Case 3：当 a<=c&&b<=c 时

平方项很麻烦，但因为有 \(x^2=2\frac{x(x+1)}{2}-x\)，所以我们转换一下。

\[\begin{alignat*}{10000} h(a,b,c,n)&=\sum\limits_{i=0}^{n}\lfloor\frac{ai+b}{c}\rfloor^2\\ &=\sum\limits_{i=0}^{n}(2\sum\limits_{j=1}^{\lfloor\frac{ai+b}{c}\rfloor}j-\lfloor\frac{ai+b}{c}\rfloor)\\ &=2\sum\limits_{i=0}^{n}\sum\limits_{j=0}^{\lfloor\frac{ai+b}{c}\rfloor-1}(j+1)-f(a,b,c,n)\\ &=2\sum\limits_{j=0}^{\lfloor\frac{an+b}{c}\rfloor-1}(j+1)\sum\limits_{i=0}^{n}[j<\lfloor\frac{ai+b}{c}\rfloor]-f(a,b,c,n) \end{alignat*} \]

与推 \(g\) 时一样，令 \(m=\lfloor\frac{an-b}{c}\rfloor,t=\lfloor\frac{jc+c-b-1}{a}\rfloor\)，再次利用推导 \(f\) 时的结论继续推导。

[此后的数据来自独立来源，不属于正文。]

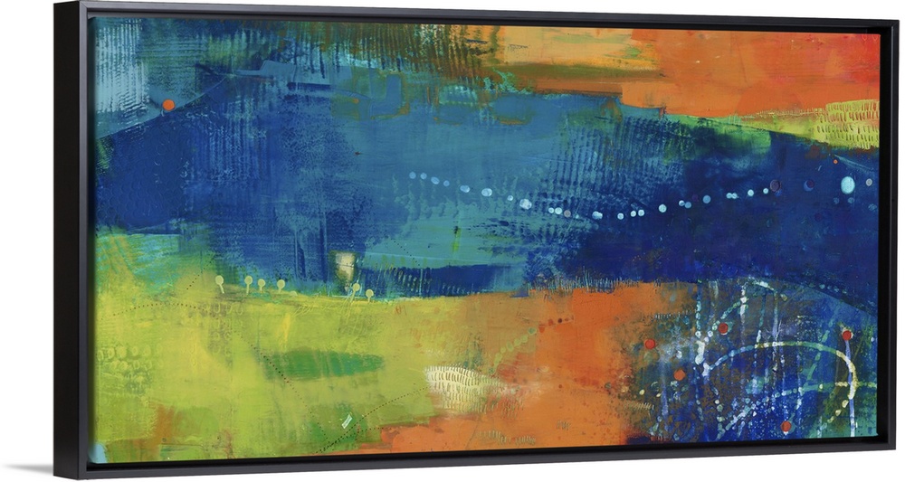 <p>Abstract modern art print in cheerful shades of blue, orange, and green.</p>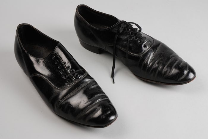 Zwart leren herenschoenen, veterschoenen, twee maal ...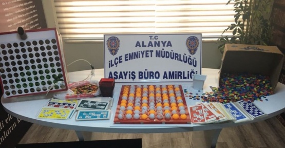 Antalya’nın Alanya ilçesinde polis ekipleri, para karşılığı tombala oynatıldığı ihbarı üzerine 2 ayrı adrese eş zamanlı baskın düzenledi.Edinilen bilgiye göre, Alanya İlçe Emniyet Müdürlüğü Asayiş Büro Amirliği ekipleri, 17 Şubat’ta Sugözü Mahallesi Zamanoğlu Caddesi üzerindeki 3 katlı bir binanın çatı katındaki kumarhaneye çevrilen ve kapatıldıktan sonra mührün kırıldığı adreste ve Şekerhane Mahallesi’nde bulunan bir dernekte para karşılığı tombala oynatıldığı bilgisine ulaştı. Bunun üzerine dün akşam saatlerinde harekete geçen ekipler, 2 ayrı adrese eş zamanlı baskın düzenledi.Baskınlarda para karşılığı tombala oynattığı iddia edilen Erkan O. ve Ahmet A. gözaltına alınırken, tombala oynayan 66 kişiye Kabahatler Kanunu’na muhalefetten toplam 14 bin 982 TL para cezası kesildi. Polisin iş yerlerindeki yaptığı incelemede tombala oynamaya yarayan üzerinde rakam yazan 90 adet pinpon topu, 226 adet çeşitli renklerde tombala kartı, çok sayıda tombala pulları ve elektronik tombala makinesi ele geçirildi.Erkan O. ve Ahmet A., emniyetteki sorgusunun ardından serbest bırakıldı.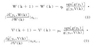 未知, 但其符號已知, 可用sgn[g (yk) ]代替g (yk) , 這樣就可以得到調整W (k) 和V (k) 的學習規(guī)則為
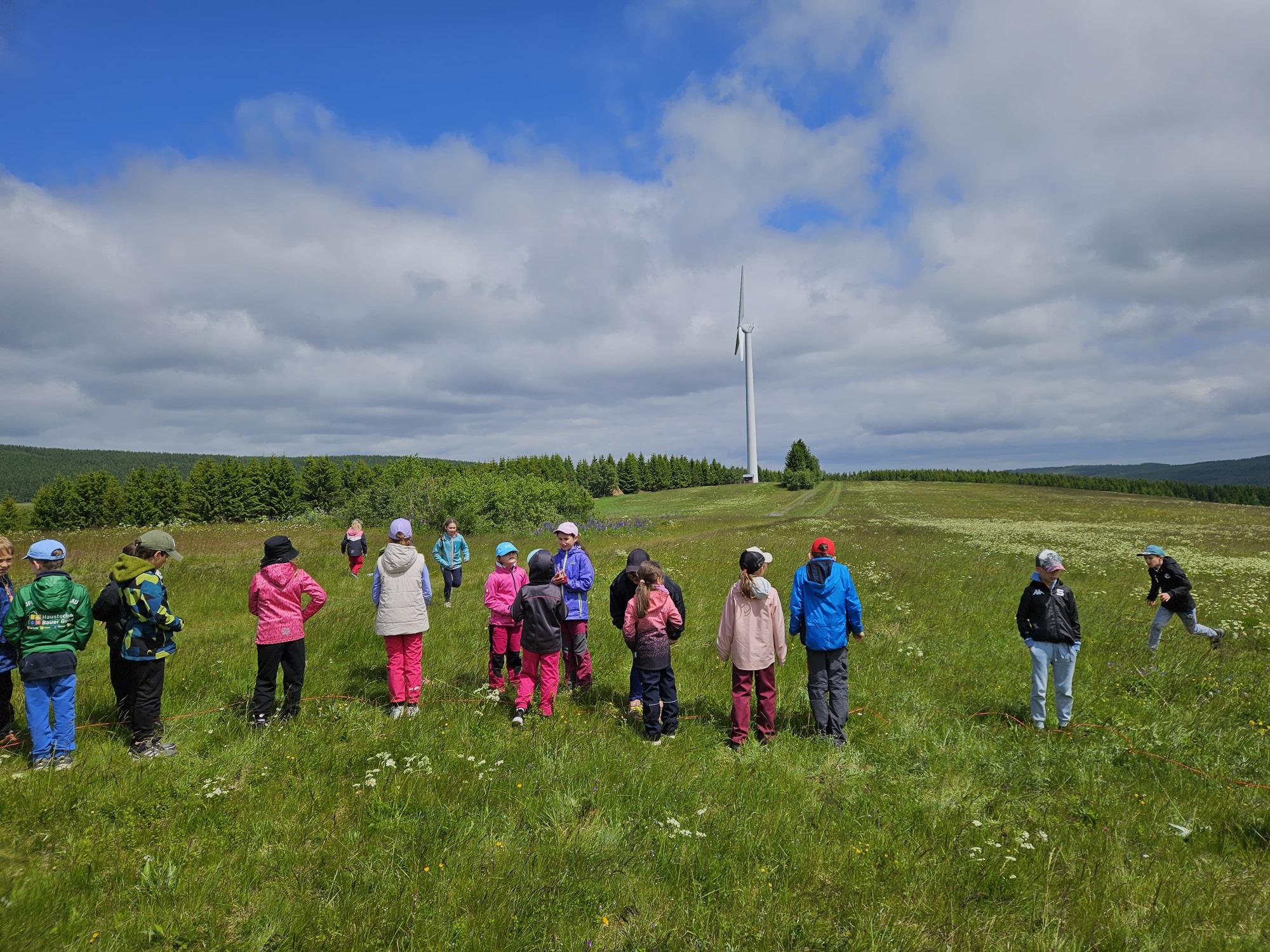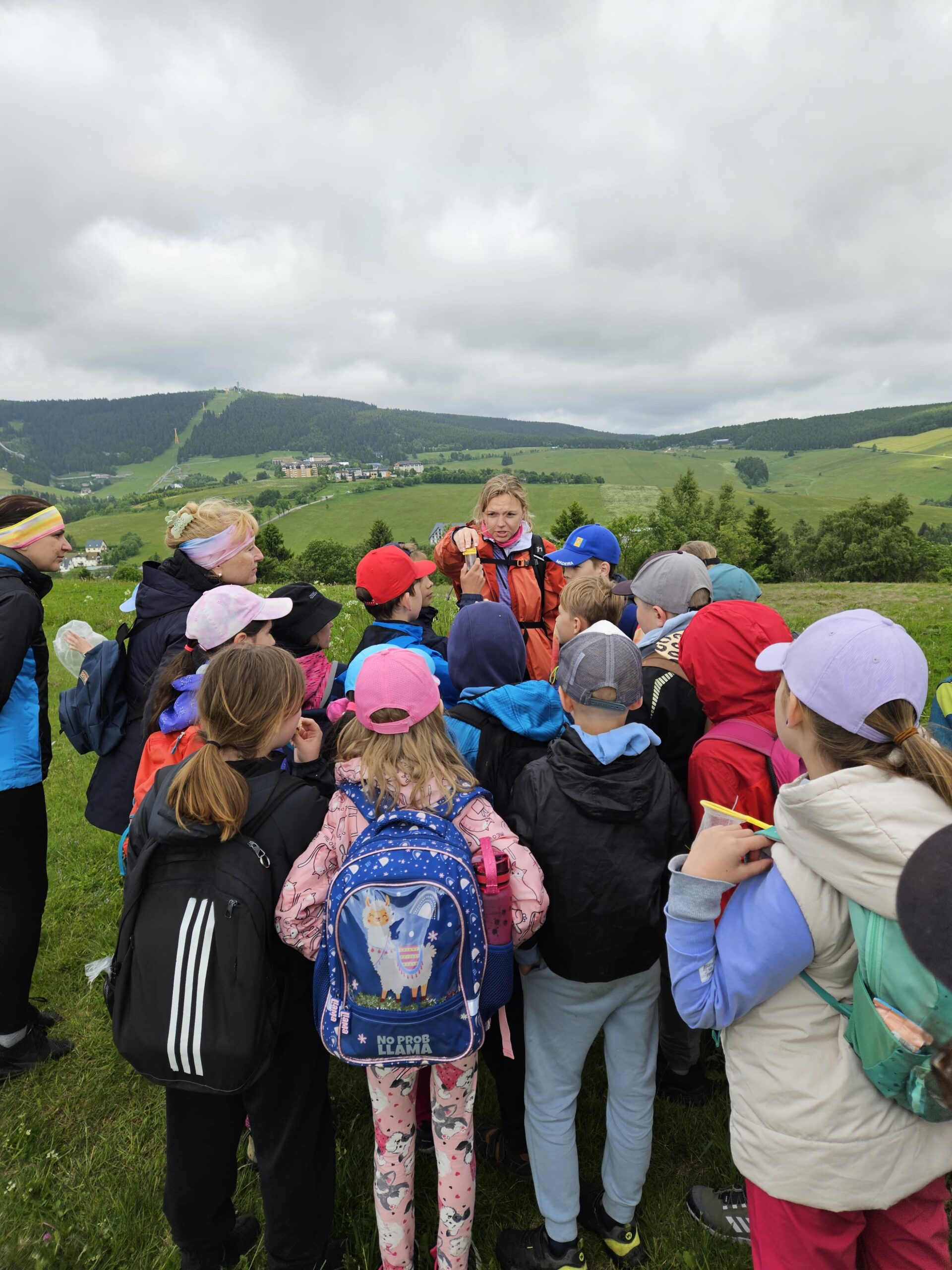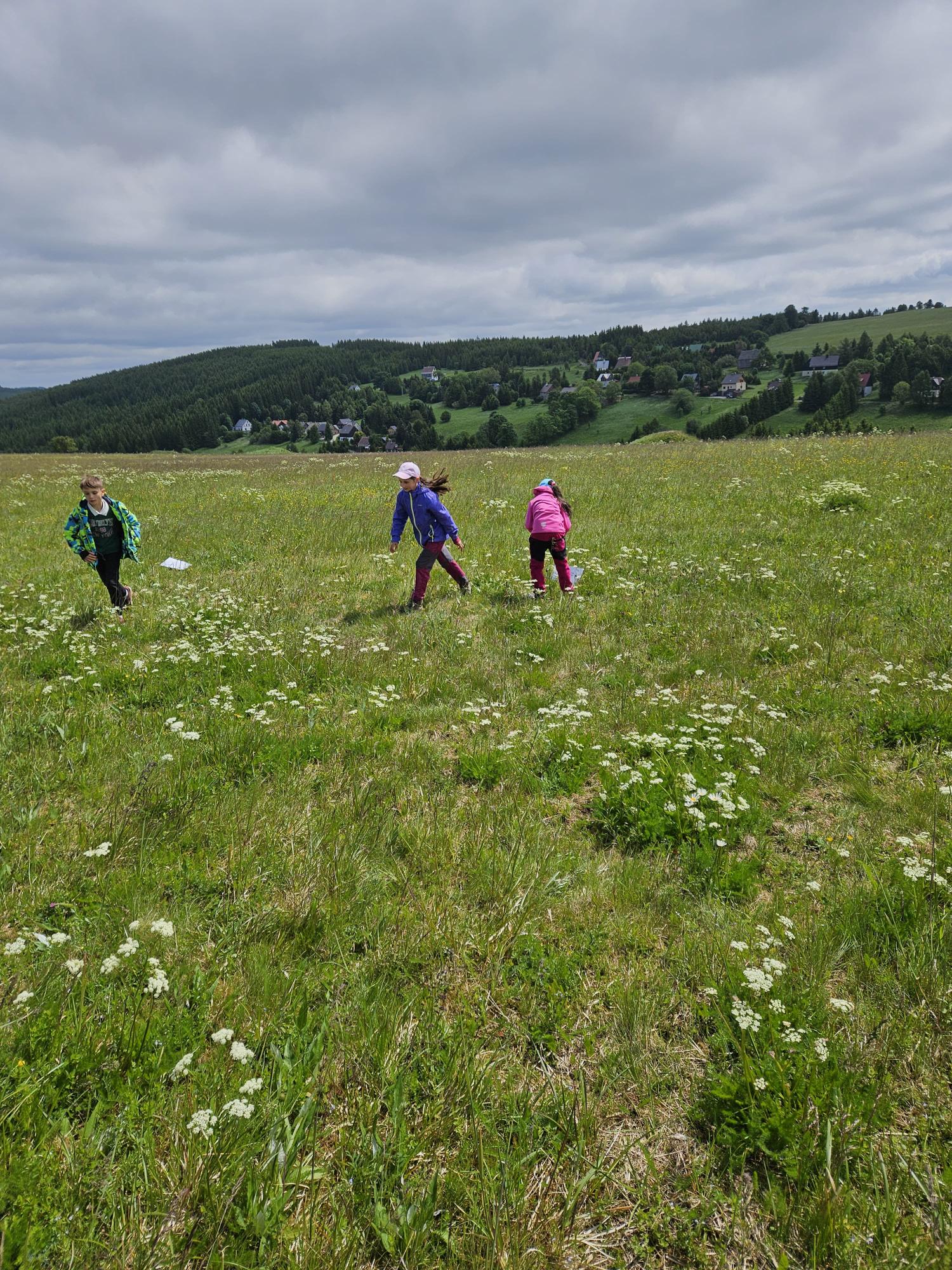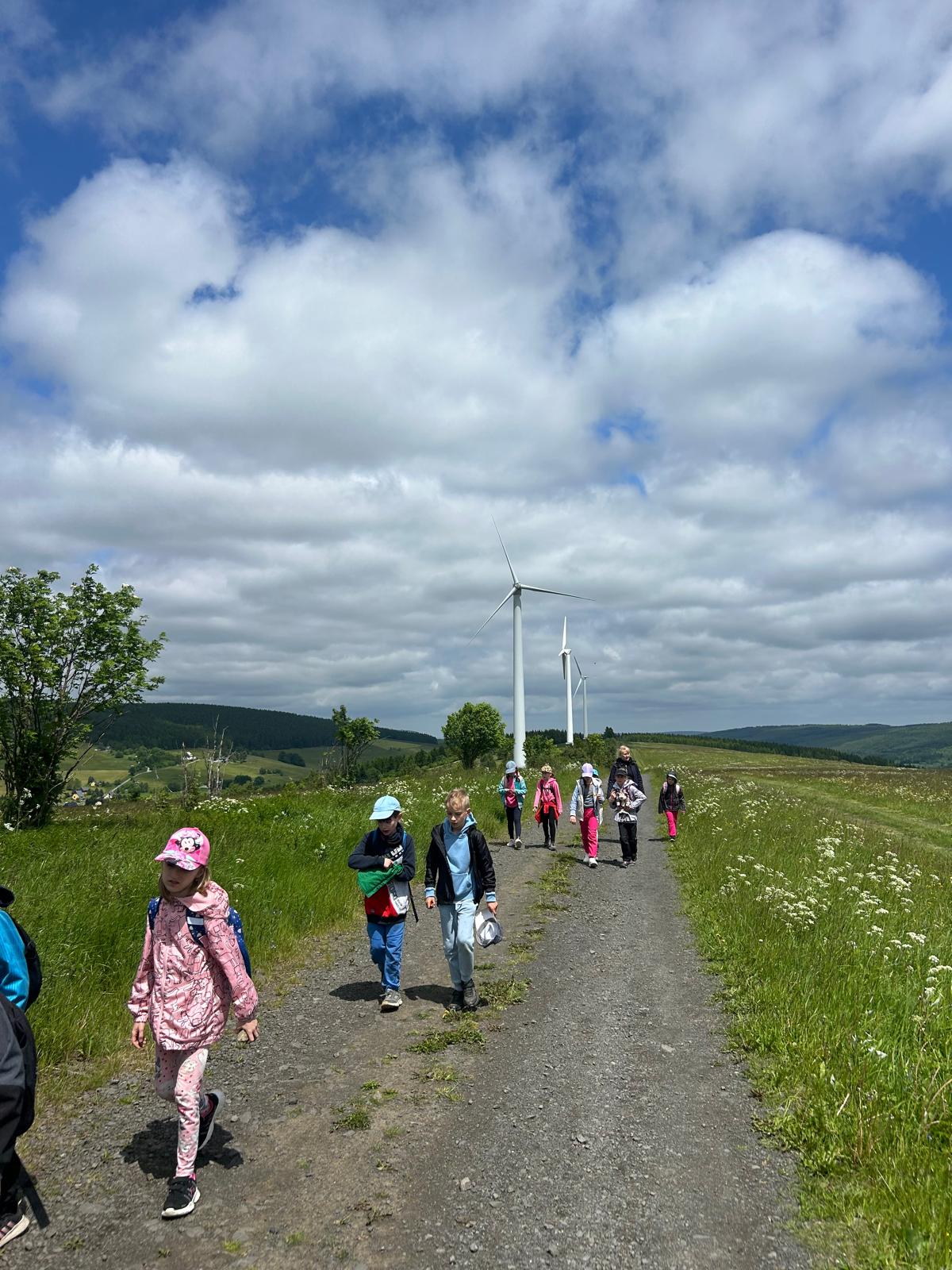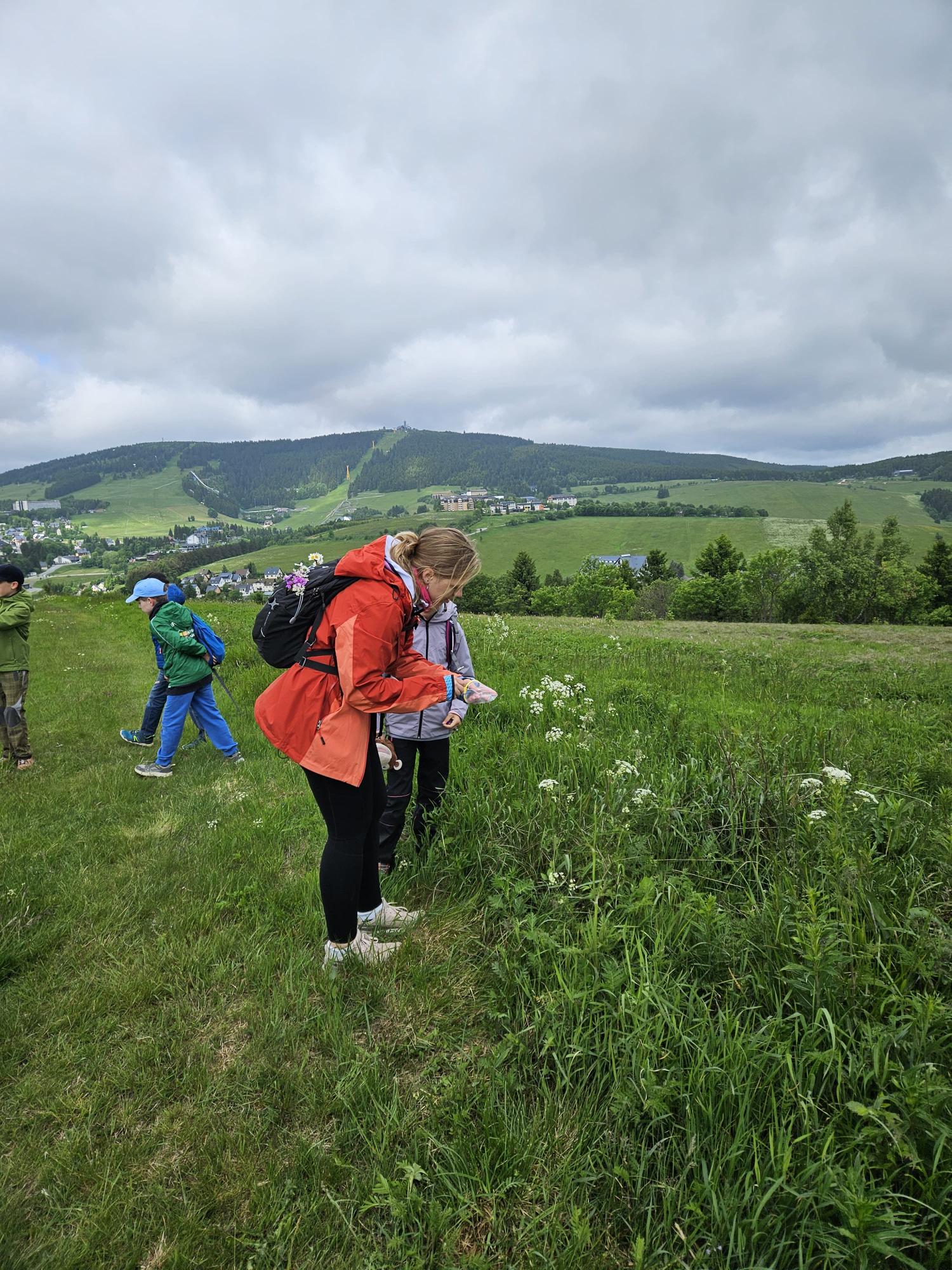 Zdravíme Vás všechny z krásného prostředí Krušných hor. Všichni jsme v pořádku a spokojení. Dnešní den jsme měli tedy přeplněný zážitky. Ráno jsme se učili, protože jsme čekali, až ofouknou zdejší louky, v noci totiž spadlo pár kapek a my jsme se chystali po nich běhat. Ještě dopoledne jsme ale vyrazili k třem větrným elektrárnám, které se jmenují Kašpar, Baltazar a Melichar. Cestou jsme tipovali obvod sloupu jedné větrné elektrárny. Děti ho potom změřili pomocí rozpažených rukou. Celkem bylo potřeba 12 dětí, což bylo pro děti překvapení. Zahráli jsme si hru limeriky a potom jsme už spěchali na dobrý řízek s bramborovou kaší. Po odpoledním klidu nás čekal další výlet. Tentokrát jsme se vydali do zaniklé osady Königsmühle. Byl to krásný výlet a skoro tajemný :-). V lese u osady jsme postavili domečky pro zvířátka a vrátili se na večeři. Počasí nám dnes přálo a výlety se nám moc vydařily.

\[\begin{alignat*}{10000} h(a,b,c,n)&=2\sum\limits_{j=0}^{m-1}(j+1)\sum\limits_{i=0}^{n}[j<\lfloor\frac{ai+b}{c}\rfloor]-f(a,b,c,n)\\ &=2\sum\limits_{j=0}^{m-1}(j+1)\sum\limits_{i=0}^{n}[i>t]-f(a,b,c,n)\\ &=2\sum\limits_{j=0}^{m-1}(j+1)(n-t)-f(a,b,c,n)\\ &=2\sum\limits_{j=0}^{m-1}((j+1)n-jt-t)-f(a,b,c,n)\\ &=nm(m+1)-2g(c,c-b-1,a,m-1)-2f(c,c-b-1,a,m-1)-f(a,b,c,n) \end{alignat*} \]

总结

\[h(a,b,c,n)= \left\{ \begin{array}{**lr**} s0(n)\lfloor\frac{b}{c}\rfloor^2 & a=0\\ h(a\bmod c,b\bmod c,c,n)\\ +2\lfloor\frac{a}{c}\rfloor g(a\bmod c,b\bmod c,c,n)+2\lfloor\frac{b}{c}\rfloor f(a\bmod c,b\bmod c,c,n)\\ +s2(n)\lfloor\frac{a}{c}\rfloor^2+s1(n)\lfloor\frac{a}{c}\rfloor\lfloor\frac{b}{c}\rfloor+s0(n)\lfloor\frac{b}{c}\rfloor^2 & a>c \vee b>c\\ nm(m+1)-2g(c,c-b-1,a,m-1)-2f(c,c-b-1,a,m-1)-f(a,b,c,n) & otherwise\\ \end{array} \right. \]